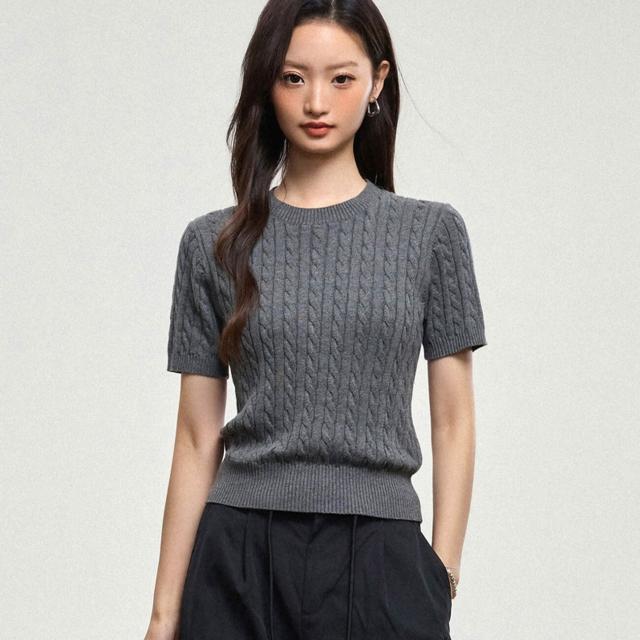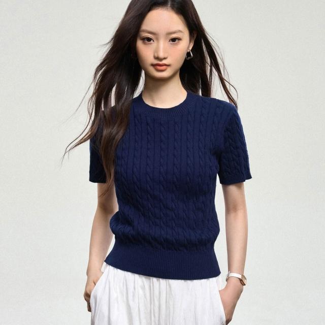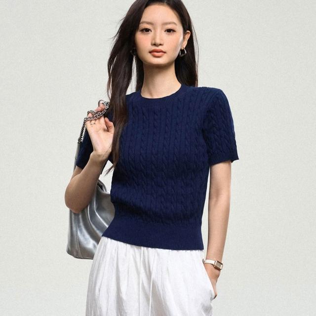 新品 含發票 100%棉針織衫女夏季新款氣質高級感顯瘦麻花顯瘦短袖圓領上衣薄款
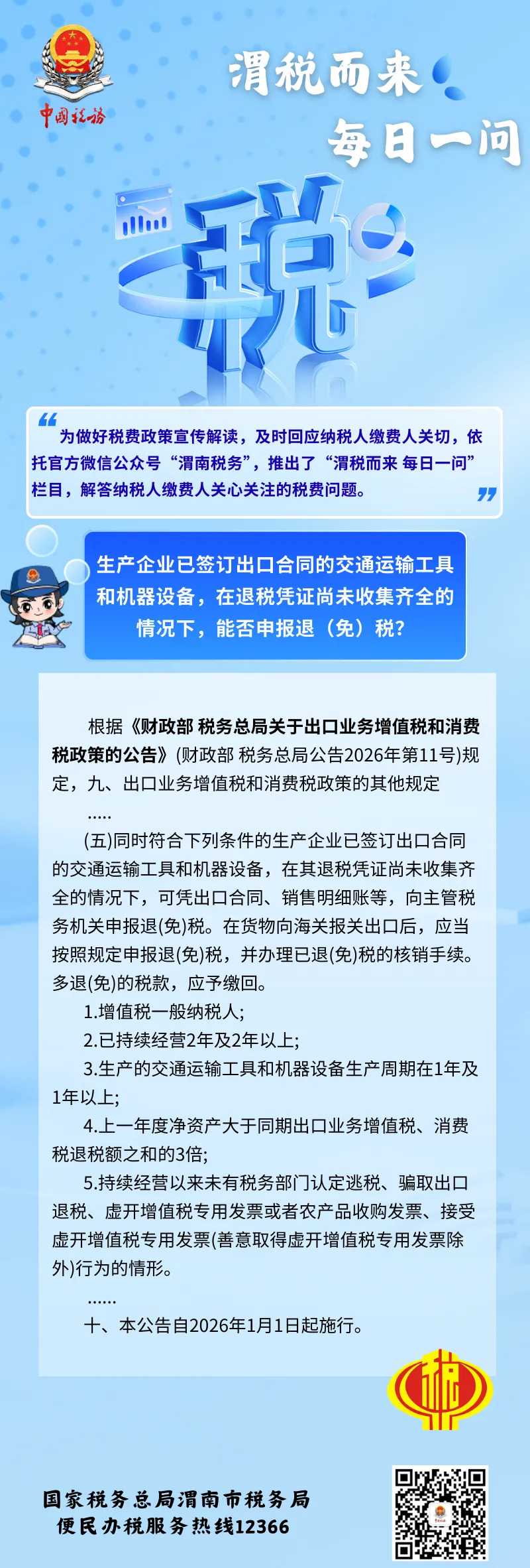 生产企业已签订出口合同的交通运输工具和机器设备,在退税凭证尚未收集齐全的情况下,能否申报退(免)税? 点击上方蓝字关注我们 来源:市局纳税服务中心 公告声明: 若来源标注错误或侵犯了您的合法权益,请及时与我们联系,我们将及时更正、删除。 联 系 我 们 service@fengchengmc.com 微信号:fengcheng-mc
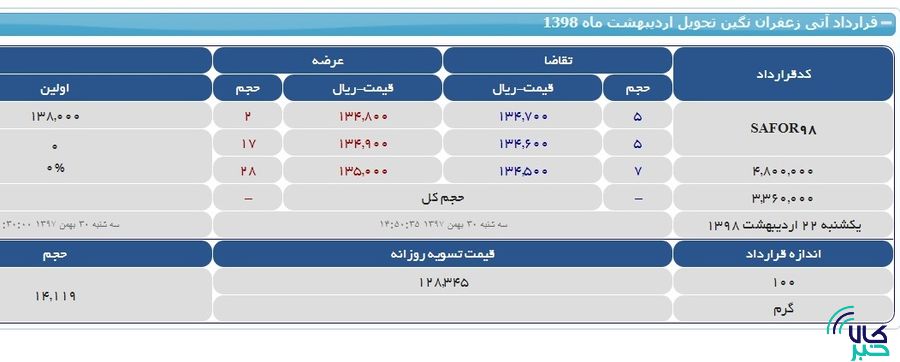 به گزارش «کالاخبر»، در جریان بازگشایی نماد معاملاتی سررسید اردیبهشت ماه ۹۸ قرارداد آتی زعفران نگین معامله گران هر گرم زعفران نگین را در اولین معامله به قیمت ۱۳۸ هزار ریال معامله کردند.
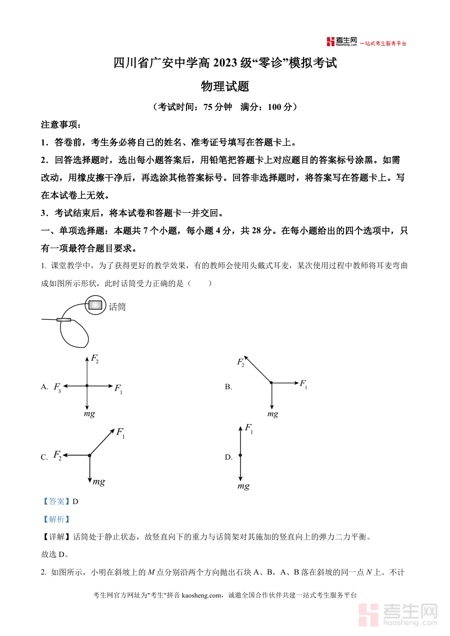 《精品解析:2026届四川省广安中学高三上学期模拟预测物理试题(解析版).docx》是一份针对高三物理备考阶段设计的高质量真题解析类备考资料,包含7道单项选择题、3道多项选择题及5道非选择题,覆盖受力分析、抛体运动、电磁感应、简谐运动等核心考点,每个题目均配备详细解题思路与选项正误分析——如话筒受力题解析了静止状态下二力平衡应用,抛体运动题对比AB石块运动时间、速度变化量及平均速度差异,帮助学生理解物理规律本质。资料结合广安中学教学实际与高考命题趋势,注重易错点剖析与应试技巧提炼,助力学生深化对物理概念的理解与应用能力提升。
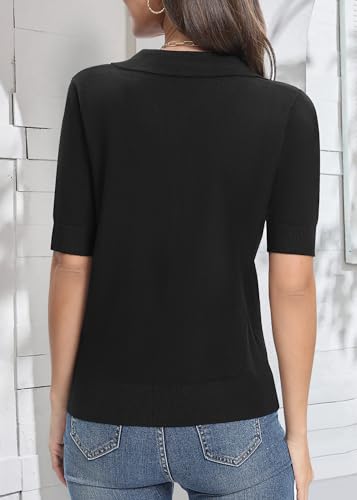 Urban CoCo Women's Short Sleeve V-Neck Collared Sweater 2025 Spring Summer Ribbed Knit Tops for Business Casual 5
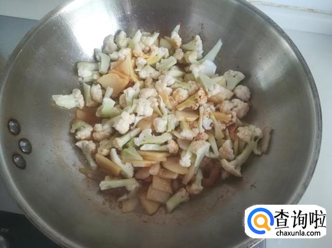 再把花菜入锅与土豆片同炒。
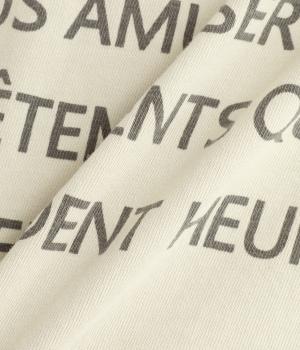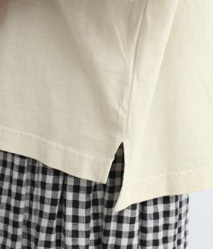 裾に前後差をつけたスリットが動きのあるシルエットを演出するプルオーバーです。ドロップショルダーで肩のラインをやわらかく見せています。さりげないロゴプリントで大人のカジュアルスタイルになじみやすい一枚。
=-=-=
The response consists of the data above printed line for line, with no pictures.

 新品 含發票 100%棉針織衫女夏季新款氣質高級感顯瘦麻花顯瘦短袖圓領上衣薄款
 生产企业已签订出口合同的交通运输工具和机器设备,在退税凭证尚未收集齐全的情况下,能否申报退(免)税? 点击上方蓝字关注我们 来源:市局纳税服务中心 公告声明: 若来源标注错误或侵犯了您的合法权益,请及时与我们联系,我们将及时更正、删除。 联 系 我 们 service@fengchengmc.com 微信号:fengcheng-mc
 به گزارش «کالاخبر»، در جریان بازگشایی نماد معاملاتی سررسید اردیبهشت ماه ۹۸ قرارداد آتی زعفران نگین معامله گران هر گرم زعفران نگین را در اولین معامله به قیمت ۱۳۸ هزار ریال معامله کردند.
 《精品解析:2026届四川省广安中学高三上学期模拟预测物理试题(解析版).docx》是一份针对高三物理备考阶段设计的高质量真题解析类备考资料,包含7道单项选择题、3道多项选择题及5道非选择题,覆盖受力分析、抛体运动、电磁感应、简谐运动等核心考点,每个题目均配备详细解题思路与选项正误分析——如话筒受力题解析了静止状态下二力平衡应用,抛体运动题对比AB石块运动时间、速度变化量及平均速度差异,帮助学生理解物理规律本质。资料结合广安中学教学实际与高考命题趋势,注重易错点剖析与应试技巧提炼,助力学生深化对物理概念的理解与应用能力提升。
 Urban CoCo Women's Short Sleeve V-Neck Collared Sweater 2025 Spring Summer Ribbed Knit Tops for Business Casual 5
 再把花菜入锅与土豆片同炒。
 裾に前後差をつけたスリットが動きのあるシルエットを演出するプルオーバーです。ドロップショルダーで肩のラインをやわらかく見せています。さりげないロゴプリントで大人のカジュアルスタイルになじみやすい一枚。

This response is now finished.